Abstract
As part of the ongoing CMDV effort, we are starting to rewrite and rethink many parts of the coupler to better meet ACME's near-term science and technical goals. The changes are multifold and are primarily motivated to simplify and improve the efficiency in the coupler workflow that is currently used in ACME.
We are working on integrating MOAB [1] in to the ACME suite in order to provide scalable communication infrastructure and to serve as a uniform representation for each of the model's (MPAS, HOMME) mesh and its specific decomposition. This would also allow for a unified checkpointing capability with parallel HDF5/NetCDF based I/O, for restarting runs.
The current offline model to compute the intersection of two grids on a sphere, followed by interpolation weights generation imposes a serious bottleneck in the computational workflow.

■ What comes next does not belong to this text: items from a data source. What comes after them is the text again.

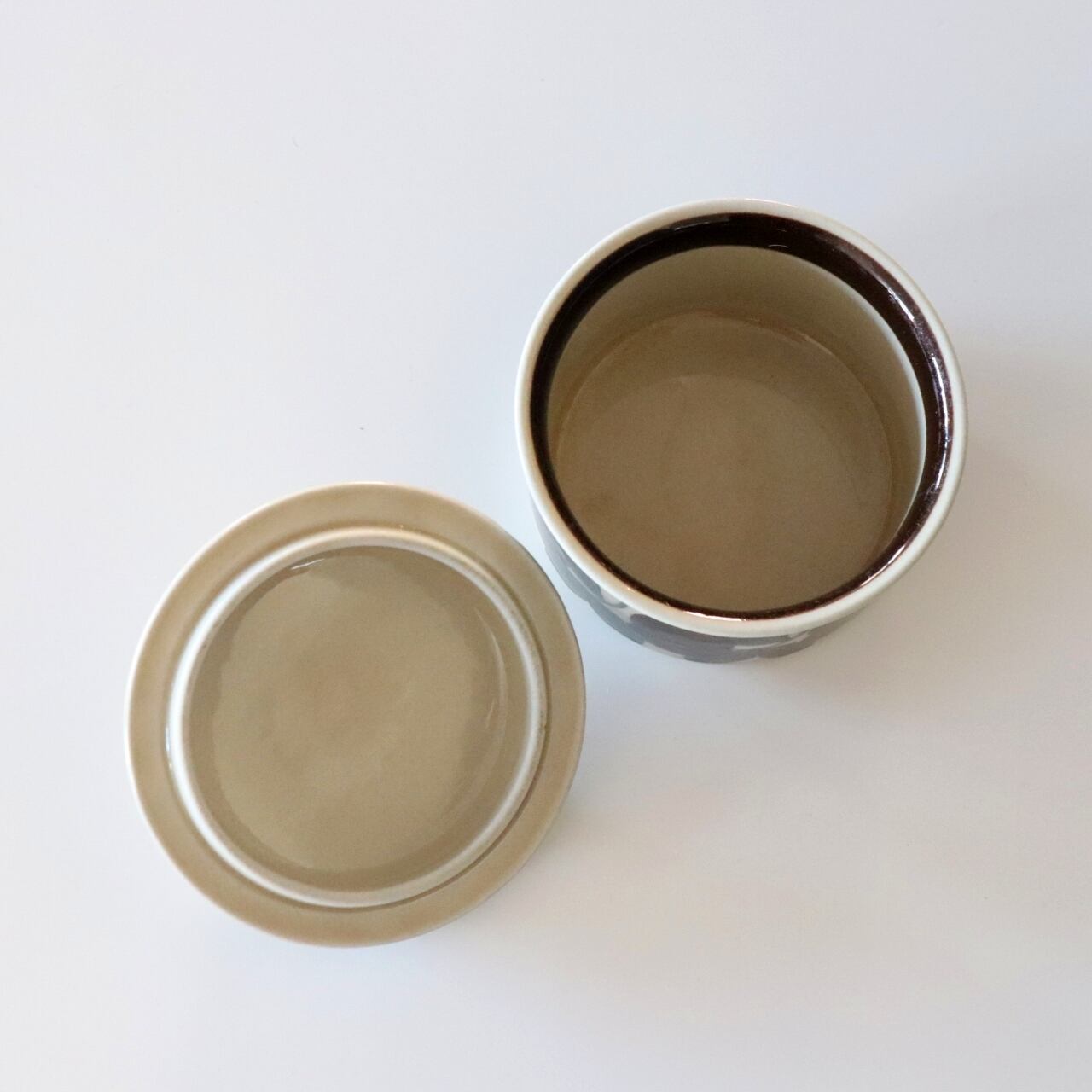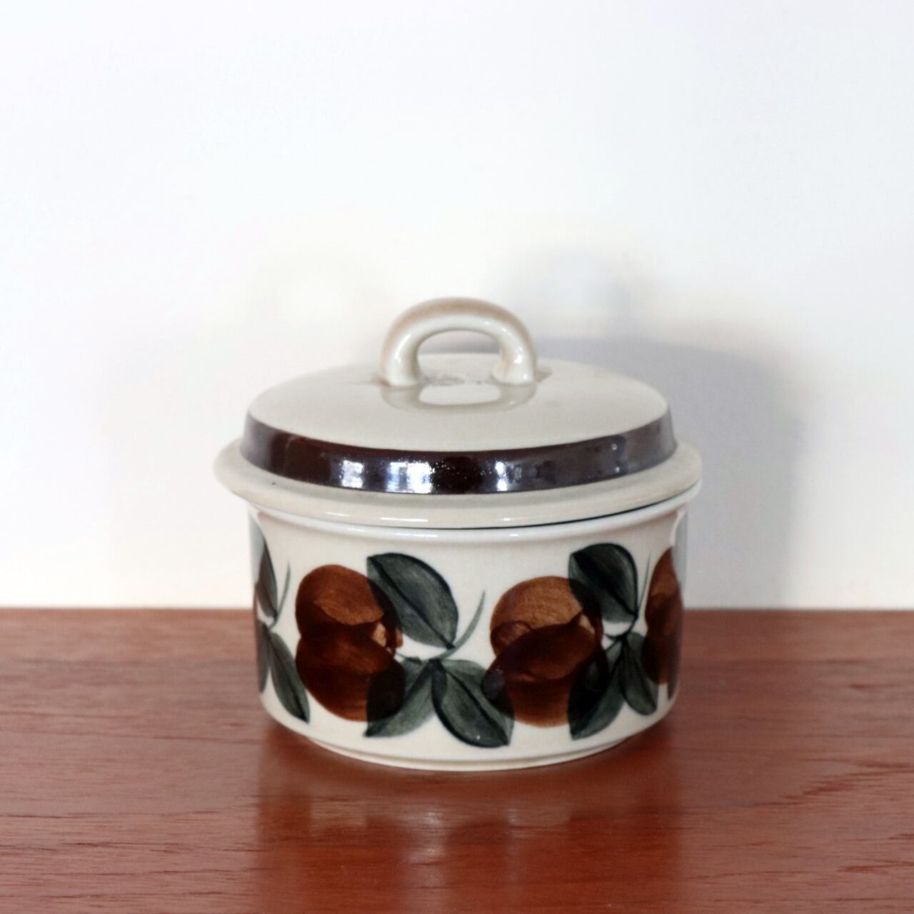 1975-81年の間、フィンランドのARABIAで製作されたRuija(ルイヤ)。 ウッラ・プロコペ(Ulla Procope)がフォルムデザイン、ライヤ・ウオシッキネン(Raija Uosikkinen)がデコレーションデザインをしたシリーズです。 ベージュの落ち着いた素地に茶色の暖かみのある花が手描きで描かれています。
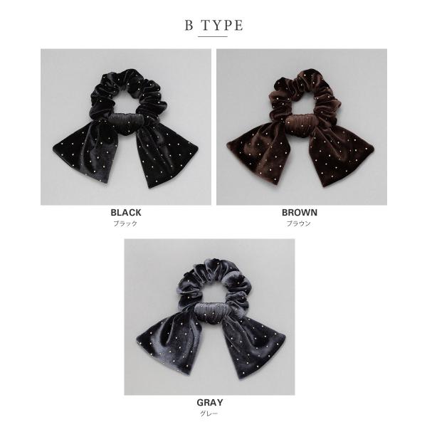 シュシュ リボン ベロア ベルベット スクエア ボリューム 大きめ ヘアアクセ ヘアゴム ドットスタッズ 2タイプ
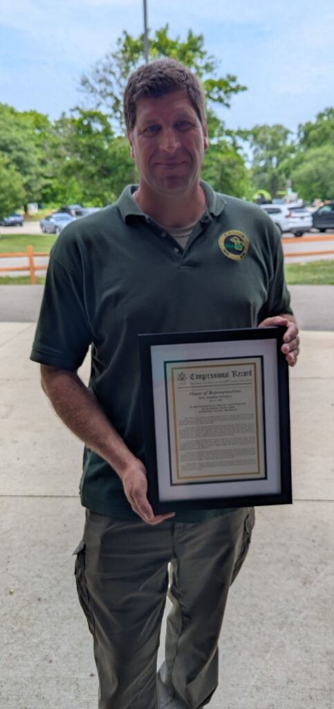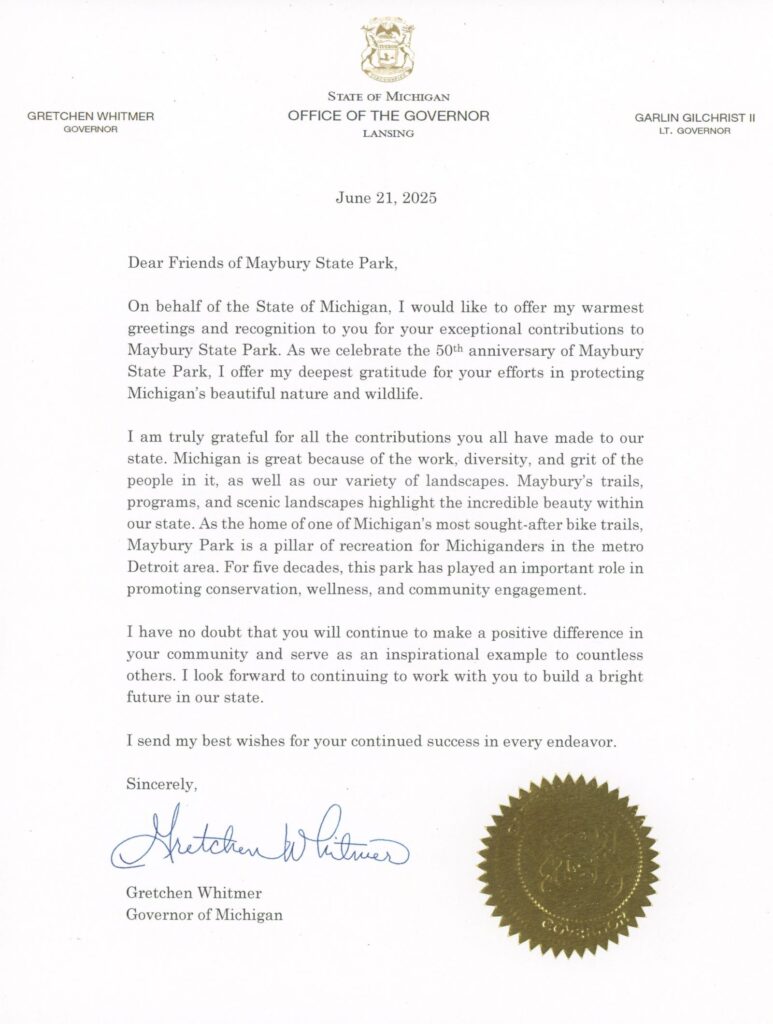 The park received State and National recognition as well! Below, Kale holds a letter from House of Representatives, Hon. Debbie Dingell, recognizing Maybury State Park’s extraordinary work and remarkable history. Next to this is a Letter of Recognition from the Office of the Governor, Gretchen Whitmer, for being a “pillar of recreation for Michiganders in the metro Detroit area.”

In order to overcome this, and to allow dynamic decomposition in the physics models, we utilize the scalable intersection algorithms implemented in MOAB in combination with the high-order conservative remapping schemes exposed in TempestRemap [2] library. Leveraging this combination of libraries then provides a robust and accurate infrastructure for spatial remapping in the ACME coupler.
Additionally, modifications that expose runtime load-balancing in the current driver and algorithms to improve performance of the coupler by using a master-slave concept for partitioning are also being investigated on large-scale machines.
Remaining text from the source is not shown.